Monday, 19 October 2009

No naked mannequins please, we´re Maltese!



(Please note: Mannequin pictured is not the actual offending article)

It´s a bit like playing snakes and ladders is Malta. One day - as was the case last Friday when I read about univeristy students being  pro-gay marriage, divorce etc - you think, "oh good, things aren´t as bad as they used to be", and see a feint glimmer of hope coming through. Then, having taken a weekend off from your computer, you turn it on on a Monday morning to be confronted by a   a piece such as this on The Times website (http://www.timesofmalta.com/articles/view/20091018/local/police-get-shirty-over-nude-mannequins) which makes you think, "then again, maybe not!" and also want to cry and wail and pull your hair out in despair at the sheer pig-ignorance (no offence to pigs intended) of some of the people who hold authority on that little rock in the Mediterranean we call home.
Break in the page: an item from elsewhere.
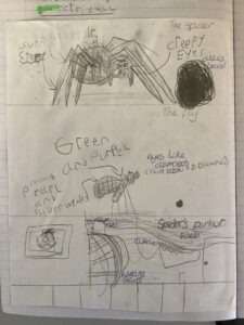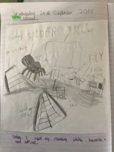 This week – in Reading – we have been looking at the poem ‘The Spider and the Fly’ by Mary Howitt. We have looked at a range of different skills but in today’s lesson the children used their retrieval skills to draw and label the characters and setting.
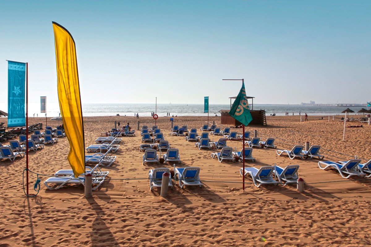 publiczna, wydzielona część hotelowa, piaszczysta, długa, szeroka, łagodne zejście do morza, ok. 200 m od hotelu, przejście przez ulicę, bezpłatne parasole, leżaki i materace, ręczniki za kaucją (ok. 100 MAD).

So a shop owner with a conscience decides to use the windows of his Mosta shop as a means to get a message across, and highlight the plight of millions of sex slaves all over the world who are in their situation as a result of sex traficking. He does this by placing two naked mannequins - one male, and one female (and if I remember correctly, mannequins have no genitals, so there isn´t even a case for "obscenity" here) tied together together by a chain. This is no kinky S&M set-up, please note, but a symbolic scenario in which the female slave is tied to the male (though I have to ask the question here: is the man a fellow slave, or the trafficker? If it´s the latter, then why is he naked? But that´s not really relevant to this argument, so I won´t bring it up).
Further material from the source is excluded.